Isn't this how it's supposed to work? I always thought so, and the
docs
seem to imply it, eg.:
Yes ... but looking at the NSFileManager method, it seems it was never
ported to windoze, though the counterpart
fileSystemRepresentationWithPath:
method was!
But you agree that this is an NSFileManager issue, and not an NSBrowser
or application issue? I do _not_ want to bother with portable path
handling in my apps.
Well, not entirely. I think that
stringWithFileSystemRepresentation:length:
*should* probably map windows style paths to unix style, but that's not
the
whole issue.
I think GNUstep-base was coded to handle *both* unix and windoze style
paths
internally, and the path manipulation routines try to 'do the right
thing'
for the platform they are running on. This is why stuff mostly works
fine
even though -stringWithFileSystemRepresentation:length: does not map
between
windoze and unix style paths.
However, this means that user code which expects to find a particular
character
used as the path separator will not be portable (though code which just
uses
the standard string methods for manipulating paths should be ok).

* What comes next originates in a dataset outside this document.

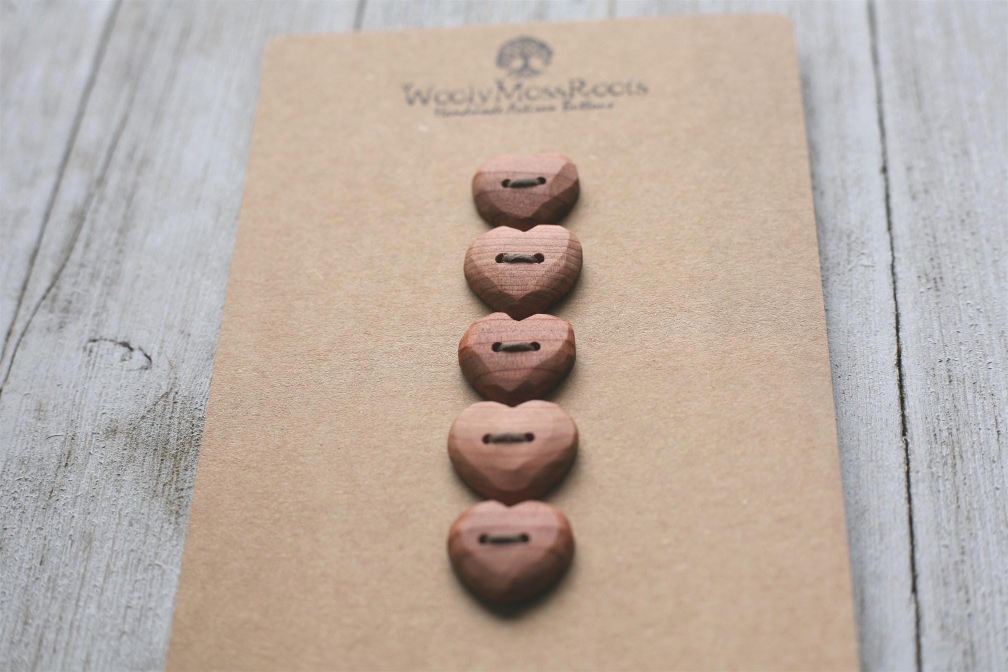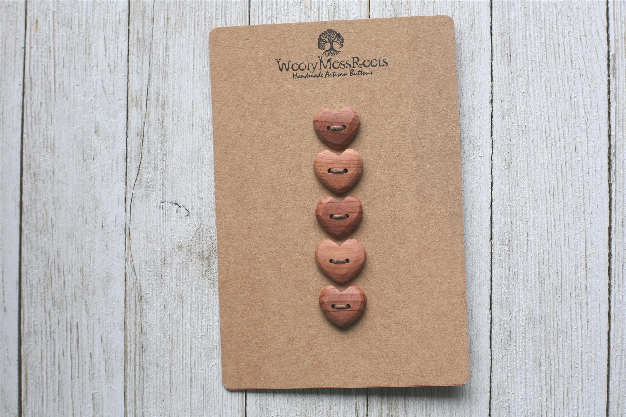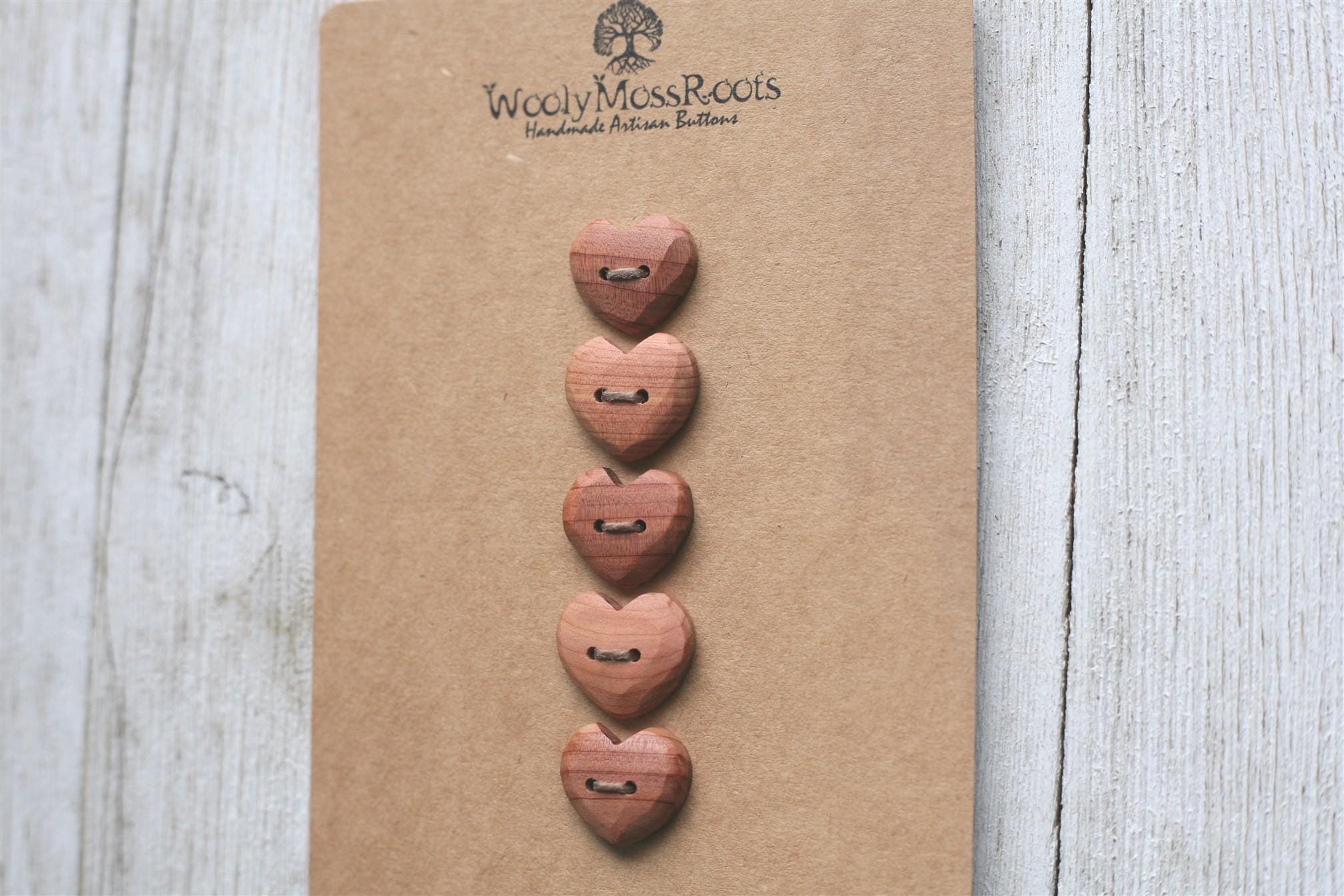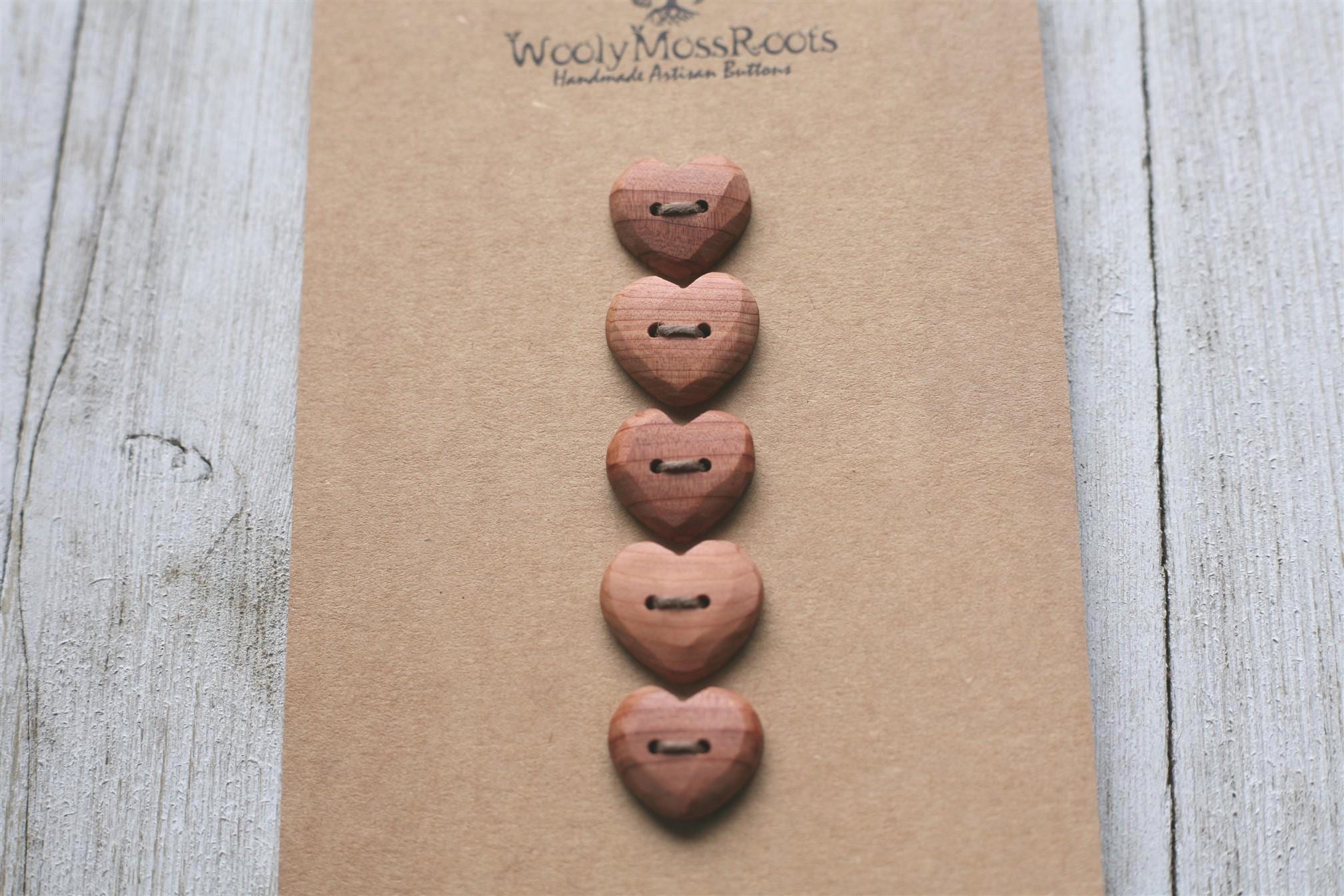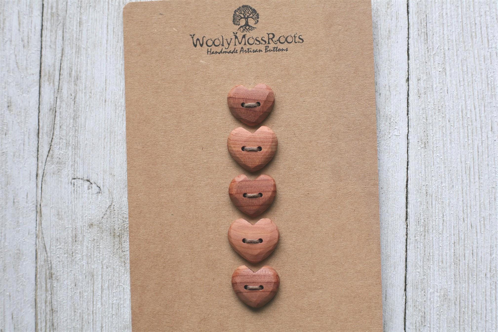 Our carved heart buttons are some of our most beloved buttons. They are so sweet, and make such a heartfelt addition to projects. The hearts take more time to create with that shape, but the results are so worth it. Sanded smooth, you'll love the way they feel.

I think Freds suggestion is (like your idea) that we should *only* ever
use
unix style paths internally.
This requires three changes -
1. Implement -stringWithFileSystemRepresentation:length: for windoze
(I already have code for this)
2. Remove all the windoze specific path handling code from the string
methods
3. Make sure that -stringWithFileSystemRepresentation:length: is used
wherever
paths are entered into the system.
That amounts to quite a bit of work ... I'd like to be sure it's the
correct
thing to do before going ahead.
Perhaps the correct action instead is to say that all path handling code
should
use the NSString path handling methods, and not assume anything about
what the
path separator is? I think this existing state is probably wrong.